Events leading to the problem
I installed GitLab and my team evaluated it. I happened to enter my SSH public key first, so in ~git/.ssh/authorized_keys
, my public key got the name key-1
.
As part of our evaluation I made a backup and restored it.
After I restored the backup, new user Shung Wang was the first to enter his SSH public key. In ~git/.ssh/authorized_keys
, his key got the duplicate name key-1
. This is order dependent, so you never know whose keys will get the same name.

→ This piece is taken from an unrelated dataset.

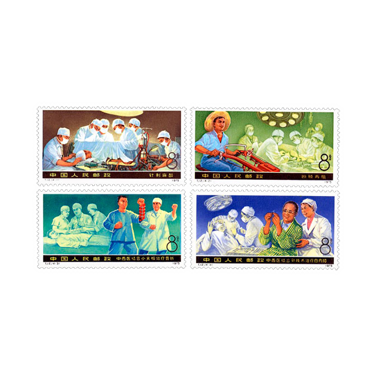 1976年4月9日,为了宣传中国医疗卫生科学取得的突出成就,中华人民共和国邮电部发行一套《医疗卫生科学新成就》特种邮票,全套4枚。

The interesting part of ~git/.ssh/authorized_keys
is:
# Managed by gitlab-shell
command="/opt/gitlab/embedded/service/gitlab-shell/bin/gitlab-shell key-1",no-port-forwarding,no-X11-forwarding,no-agent-forwarding,no-pty ssh-rsa AAA...2SkSQ== jm...@wavesemi.com
########################################################################################################################################################################################################################################################################################################################################################################################################################################################################################################################################################
command="/opt/gitlab/embedded/service/gitlab-shell/bin/gitlab-shell key-1",no-port-forwarding,no-X11-forwarding,no-agent-forwarding,no-pty ssh-rsa AAA...nKQ== wang....@wavesemi.com
...
Now, whenever I try to access the git repositories via SSH, the server thinks I am Shung Wang. For example, when I tested my SSH connection from my Ubuntu 14.04 laptop, I got this:
ssh -T git@gitserver
Welcome to GitLab, Shung Wang!
As a second test, I tried to clone a private repository to which Shung did not have access:
git clone git@gitserver:sw/devops.git
Cloning into 'devops'...
GitLab: The project you were looking for could not be found.
fatal: Could not read from remote repository.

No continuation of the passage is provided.